*Extracted records:*
*-*-*
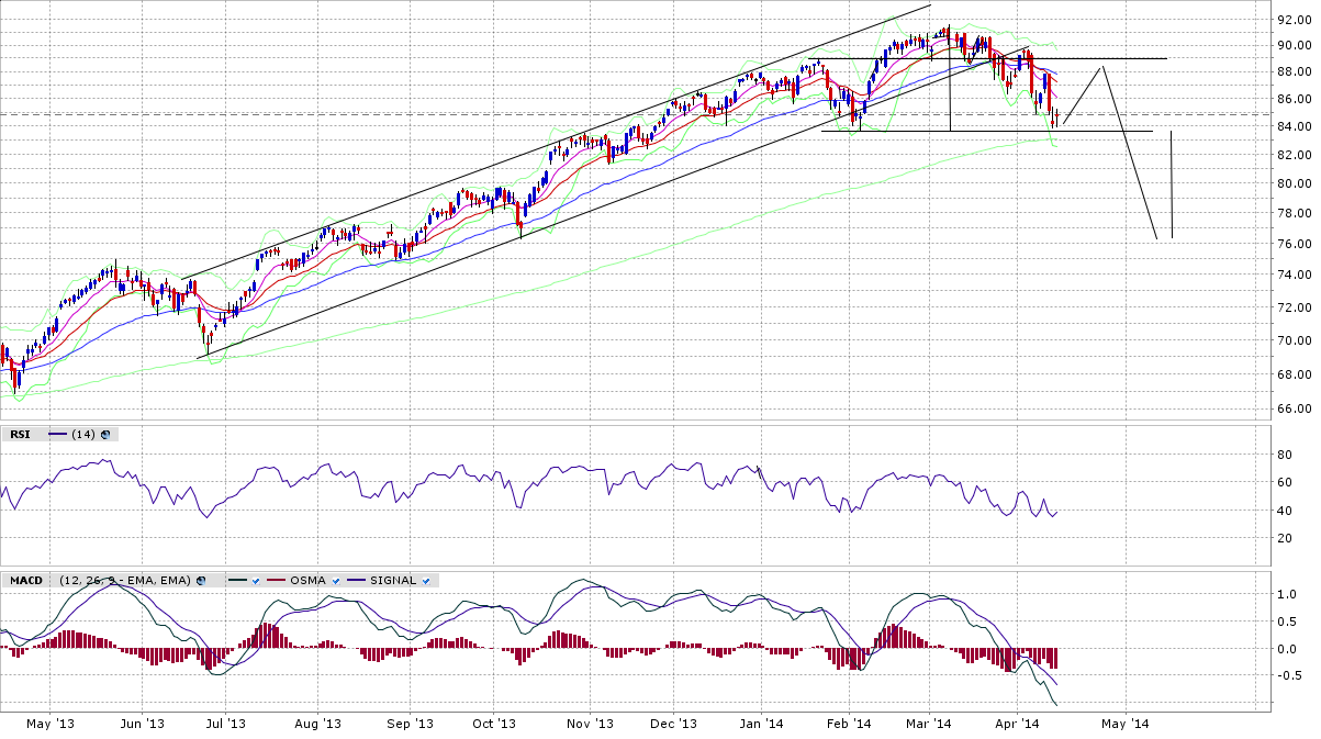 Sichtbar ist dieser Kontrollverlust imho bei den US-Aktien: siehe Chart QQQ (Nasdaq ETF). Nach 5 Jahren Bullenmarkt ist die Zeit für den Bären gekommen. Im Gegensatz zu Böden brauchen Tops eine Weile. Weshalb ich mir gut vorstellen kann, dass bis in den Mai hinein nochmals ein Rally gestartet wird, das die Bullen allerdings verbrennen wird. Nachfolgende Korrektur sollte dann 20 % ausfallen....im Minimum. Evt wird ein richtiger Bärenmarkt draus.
*-*-*
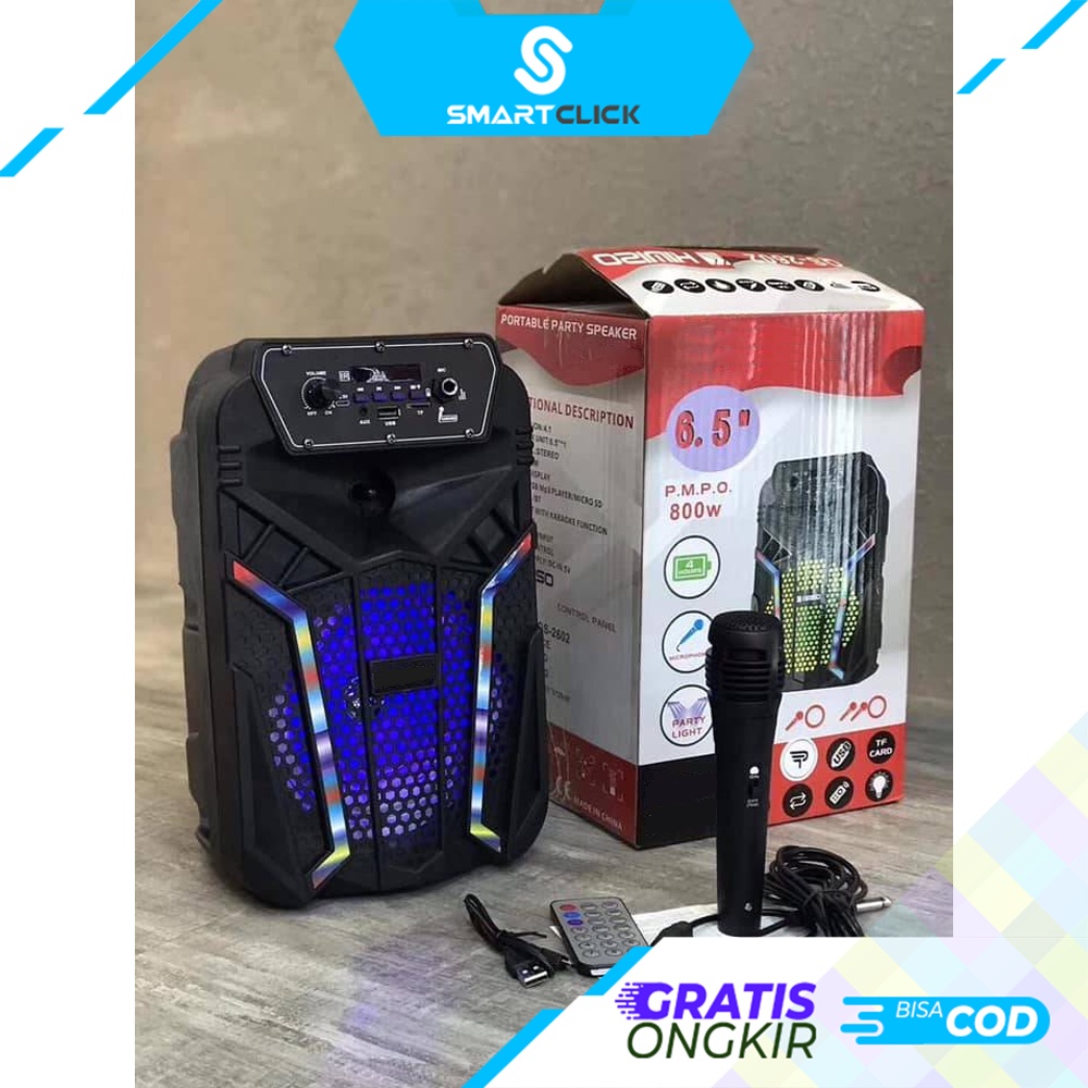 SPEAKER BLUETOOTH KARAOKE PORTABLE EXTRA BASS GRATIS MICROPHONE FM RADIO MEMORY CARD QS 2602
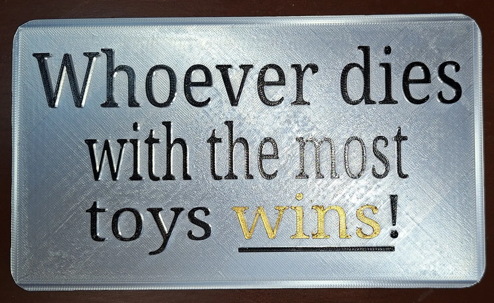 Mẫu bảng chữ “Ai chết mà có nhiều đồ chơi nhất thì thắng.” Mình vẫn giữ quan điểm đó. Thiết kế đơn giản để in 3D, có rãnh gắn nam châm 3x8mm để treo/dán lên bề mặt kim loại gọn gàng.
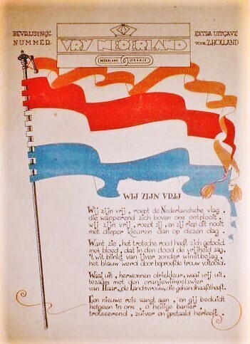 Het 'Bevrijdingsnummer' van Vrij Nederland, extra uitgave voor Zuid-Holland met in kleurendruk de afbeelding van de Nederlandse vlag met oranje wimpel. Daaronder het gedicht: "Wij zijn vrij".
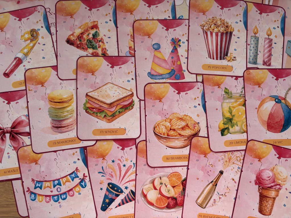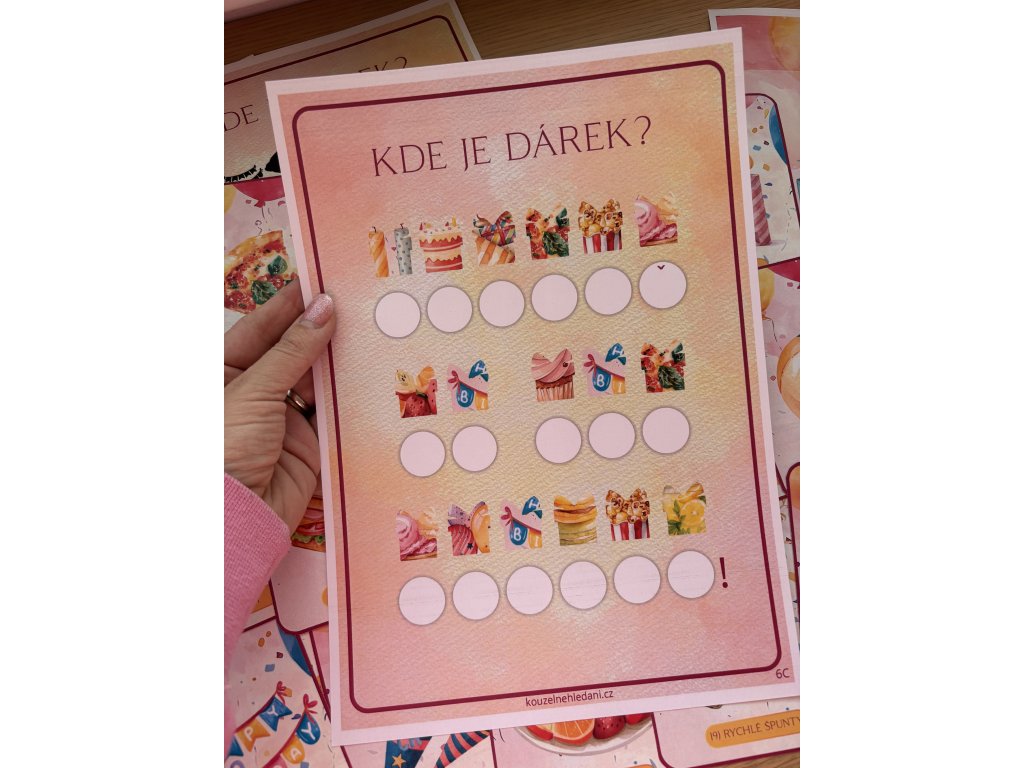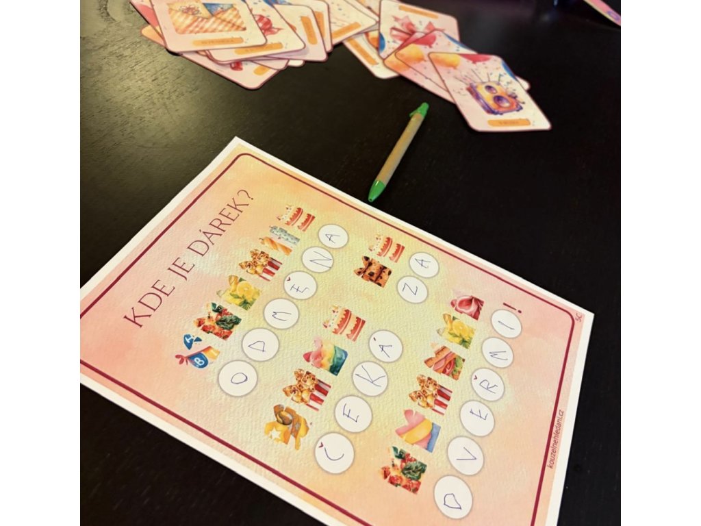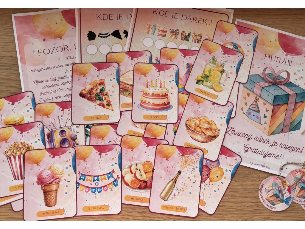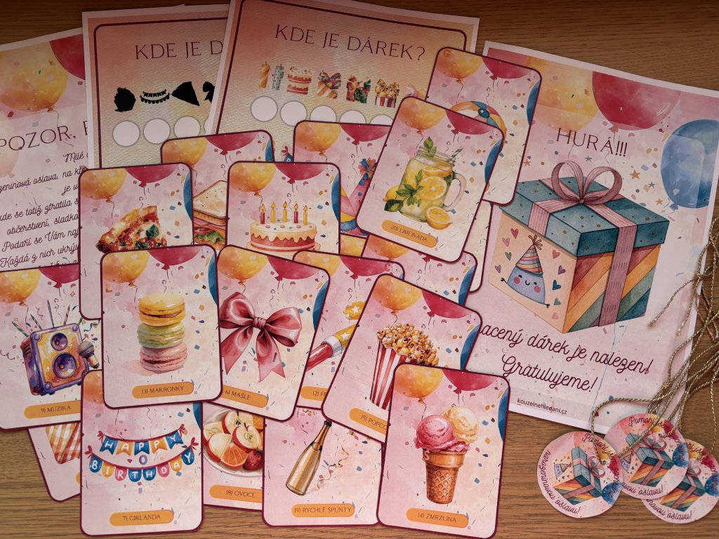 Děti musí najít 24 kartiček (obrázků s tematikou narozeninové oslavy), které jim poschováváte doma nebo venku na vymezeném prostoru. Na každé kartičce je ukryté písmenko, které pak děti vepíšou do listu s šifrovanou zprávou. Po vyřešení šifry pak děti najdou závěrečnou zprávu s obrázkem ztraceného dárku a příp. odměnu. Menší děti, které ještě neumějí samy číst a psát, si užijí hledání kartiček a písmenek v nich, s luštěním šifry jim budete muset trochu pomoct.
*-*-*
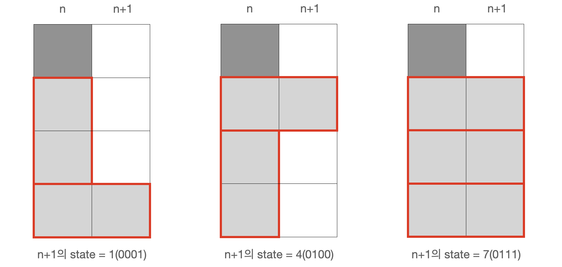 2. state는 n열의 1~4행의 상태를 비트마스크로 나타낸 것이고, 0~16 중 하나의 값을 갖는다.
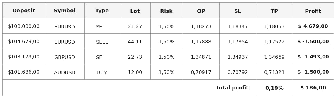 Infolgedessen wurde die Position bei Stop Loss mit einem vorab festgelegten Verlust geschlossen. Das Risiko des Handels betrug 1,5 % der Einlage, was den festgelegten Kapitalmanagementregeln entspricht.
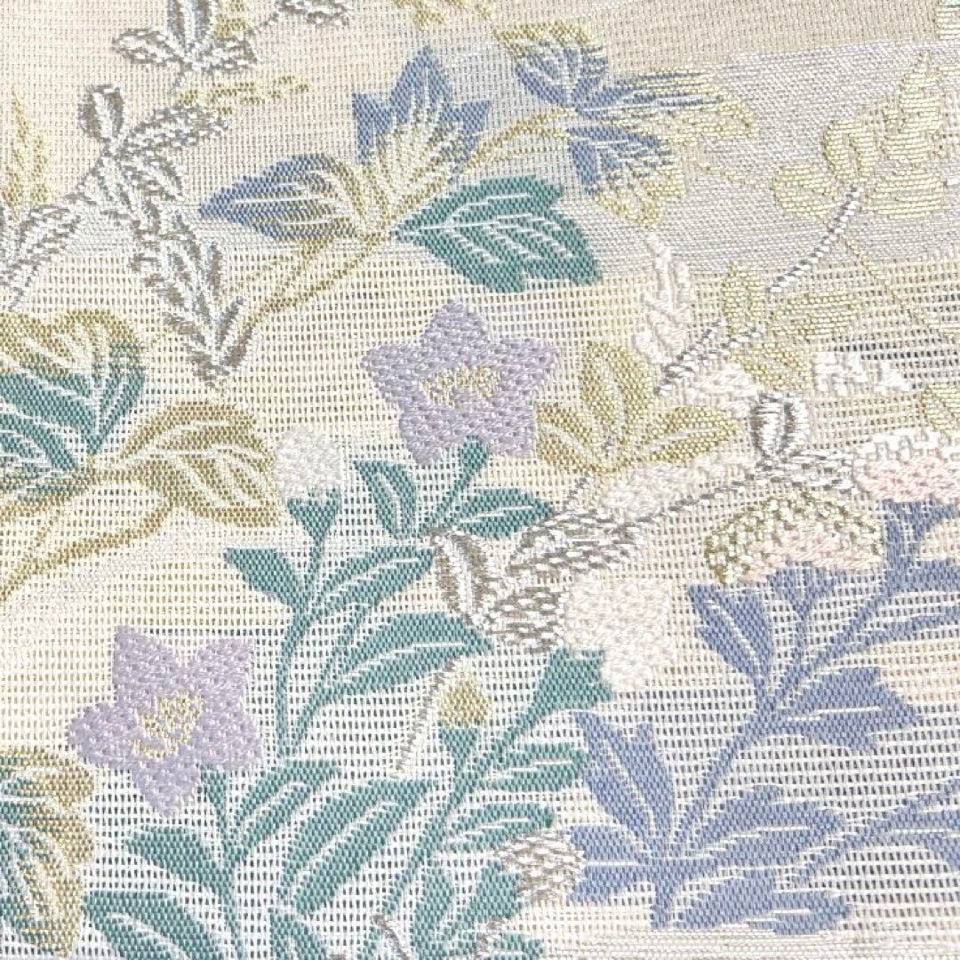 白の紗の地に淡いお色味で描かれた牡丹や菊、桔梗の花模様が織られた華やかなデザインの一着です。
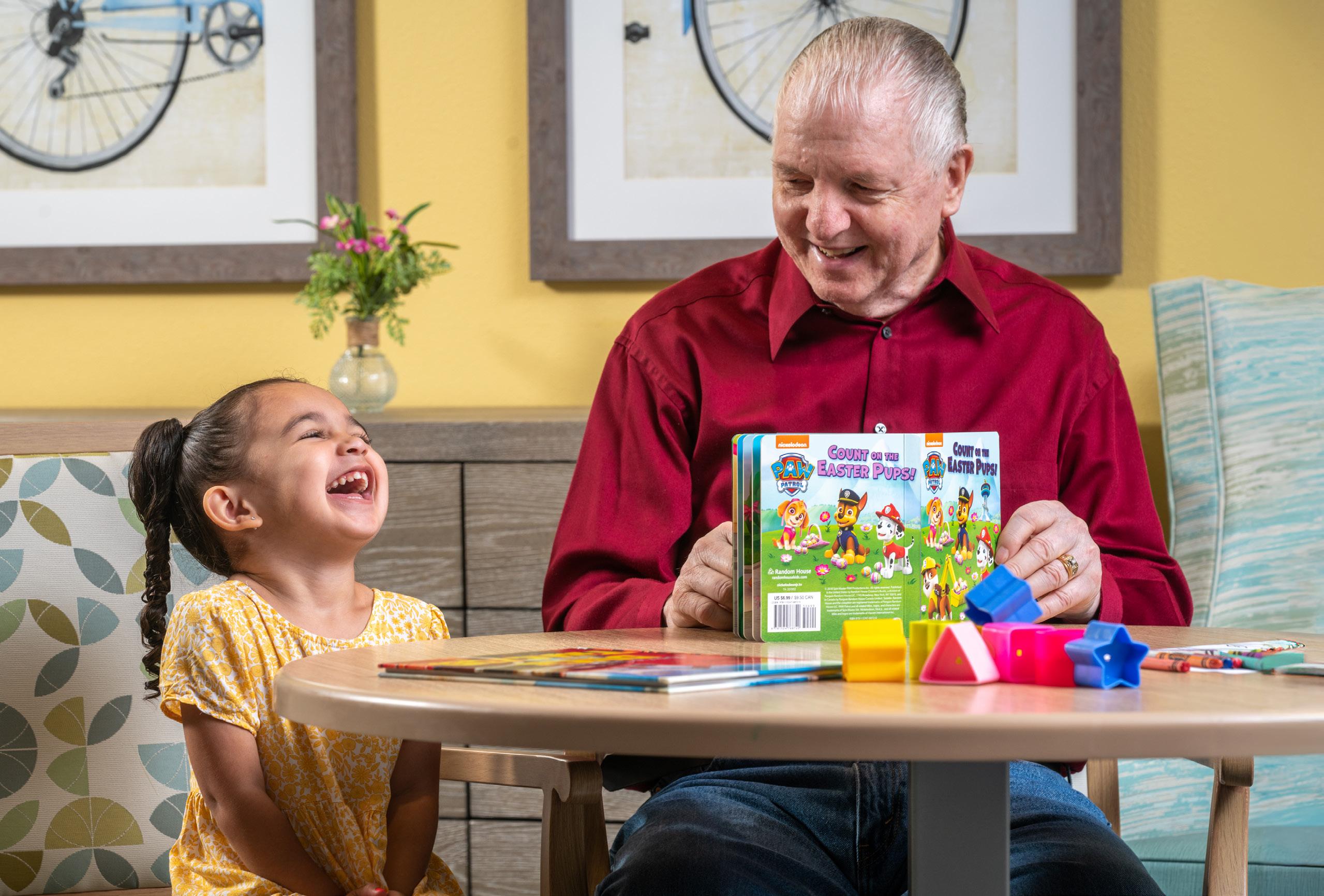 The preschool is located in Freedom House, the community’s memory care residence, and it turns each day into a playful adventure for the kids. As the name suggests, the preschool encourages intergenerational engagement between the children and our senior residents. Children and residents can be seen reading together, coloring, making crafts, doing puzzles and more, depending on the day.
*-*-*
*Exercise:*
Word for word, retype the lines in the entries above that run from the one with "白の紗の地に淡いお色味で描か" through the one with "The preschool is". Both ends count; pictures do not.

*Your solution:*
 白の紗の地に淡いお色味で描かれた牡丹や菊、桔梗の花模様が織られた華やかなデザインの一着です。
 The preschool is located in Freedom House, the community’s memory care residence, and it turns each day into a playful adventure for the kids. As the name suggests, the preschool encourages intergenerational engagement between the children and our senior residents. Children and residents can be seen reading together, coloring, making crafts, doing puzzles and more, depending on the day.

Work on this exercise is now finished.